Penske Corporation, Inc. (/pɛn.skiː/) is an American diversified transportation services company based in Bloomfield Township, Oakland County, Michigan. Roger Penske is the founder and chairman of the privately held company, and Rob Kurnick is the president. Penske operates in the automotive retail, truck leasing, transportation, logistics, and motorsports industries. Penske operates in over 3,200 locations and employs more than 70,000 people globally.

==Holdings==

===Current===
- DAVCO Technology (transportation component manufacturing)

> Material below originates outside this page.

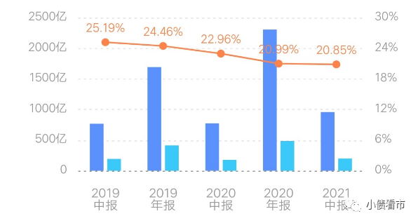 2021年上半年,融創(chuàng)中國的銷售毛利率為20.85%,自2019年以來該指標(biāo)就持續(xù)下滑,主要與其2017年土地溢價(jià)有關(guān)。

- Ilmor Engineering (high performance motorsport engines)
- Penske Automotive Group (a 40+% stake)
- Penske Entertainment Corporation (67% with Fox Corporation), parent company of:
  - INDYCAR, LLC (Motorsports sanctioning body; parent company of the IndyCar Series)
  - Indianapolis Motor Speedway (2.5-mile race track in Speedway, Indiana)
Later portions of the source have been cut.